Ignoring the pictures, copy the data exactly.

** Opening Stored data block **

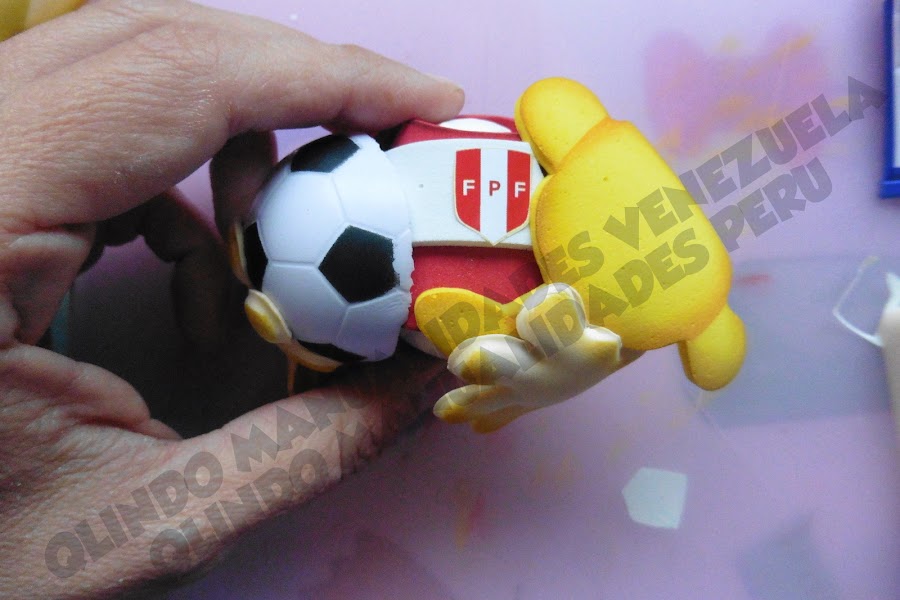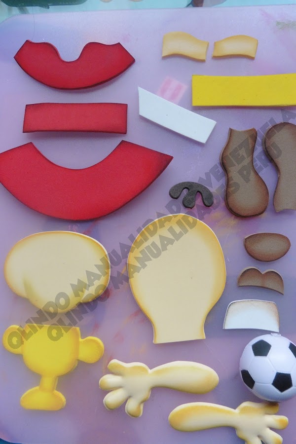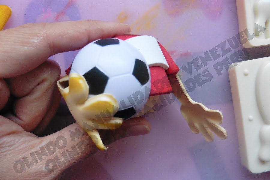 14. Asi mismo pegamos en su otro brazito la copa y el stiker correspondiente al equipo de futbol.
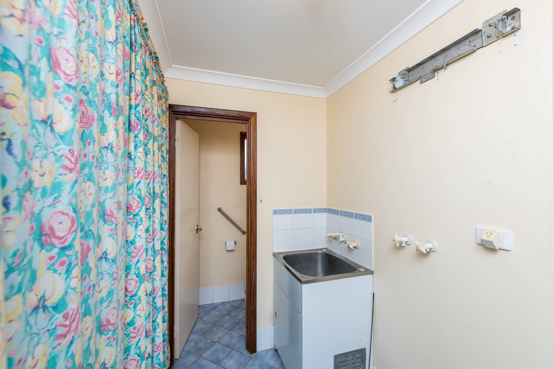 Tile flooring throughout the Bathroom, Laundry and toilet with the laundry giving access to the backyard.
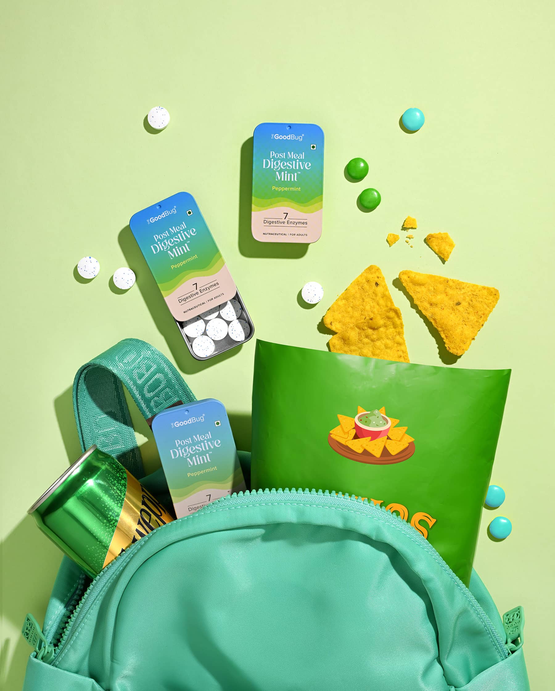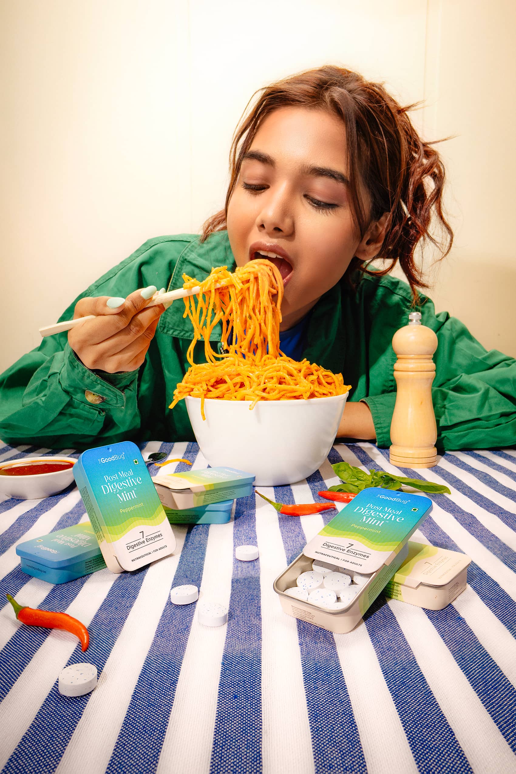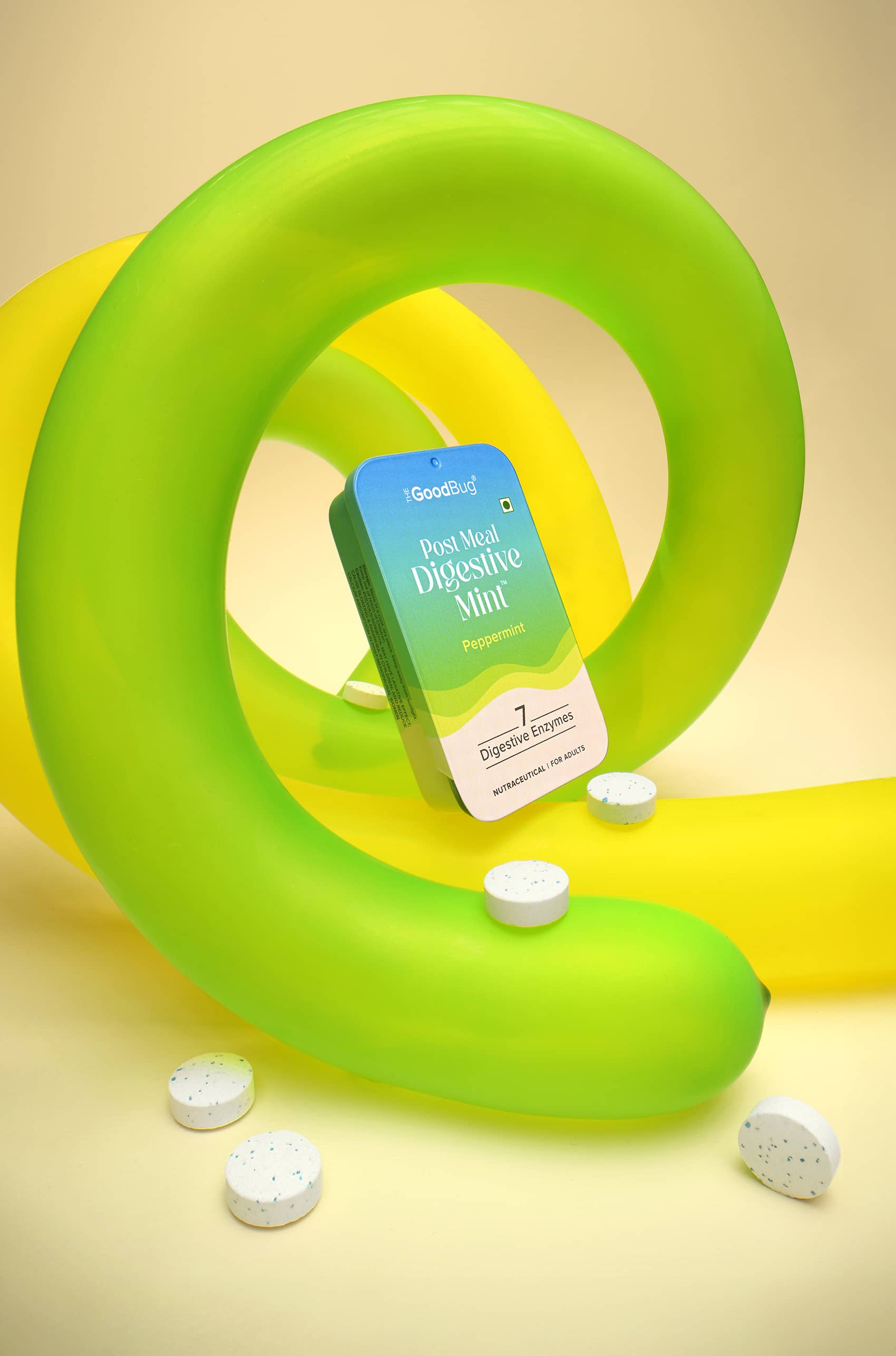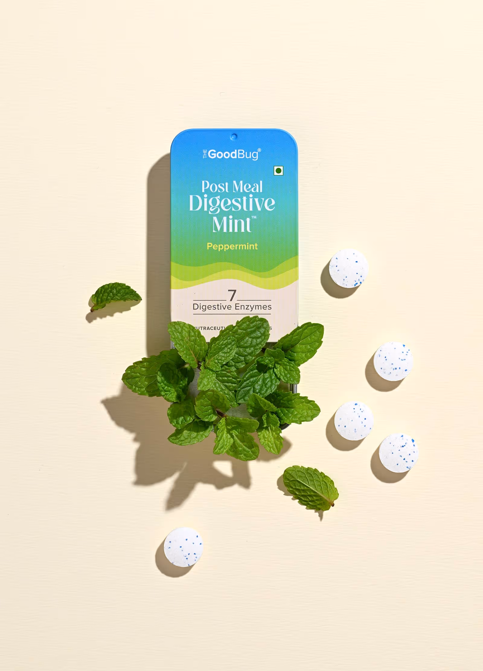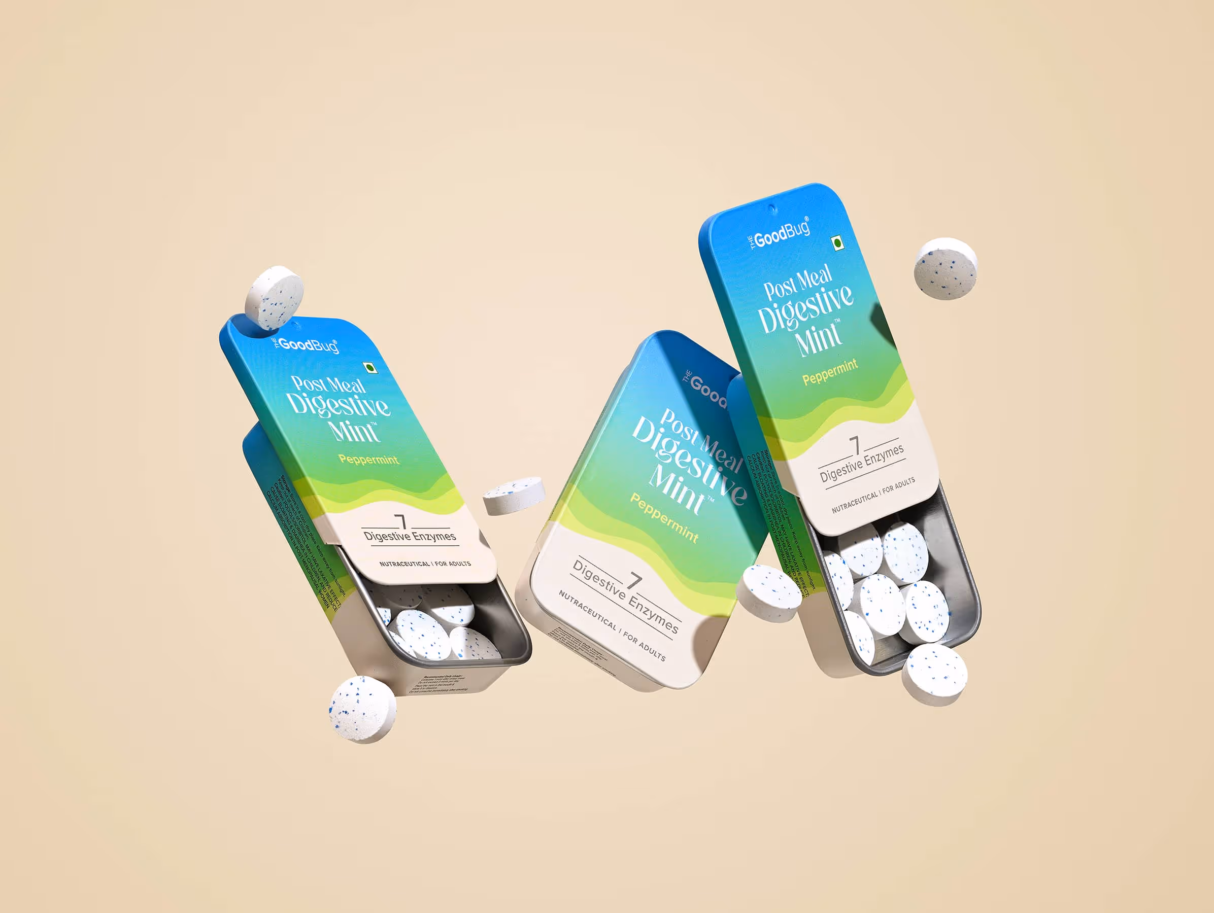 A super fun shoot for The Good Bug, an Indian health & wellness brand is all about happy guts. This series was styled and shot for their latest launch- 'Post-Meal Digestive Mints'. Beyond our classic product–ingredient frames, experimenting with quirky talent portraits and food pairings was hands down our favourite part!

** Closing Stored data block **

### Result of the exercise
 14. Asi mismo pegamos en su otro brazito la copa y el stiker correspondiente al equipo de futbol.
 Tile flooring throughout the Bathroom, Laundry and toilet with the laundry giving access to the backyard.
 A super fun shoot for The Good Bug, an Indian health & wellness brand is all about happy guts. This series was styled and shot for their latest launch- 'Post-Meal Digestive Mints'. Beyond our classic product–ingredient frames, experimenting with quirky talent portraits and food pairings was hands down our favourite part!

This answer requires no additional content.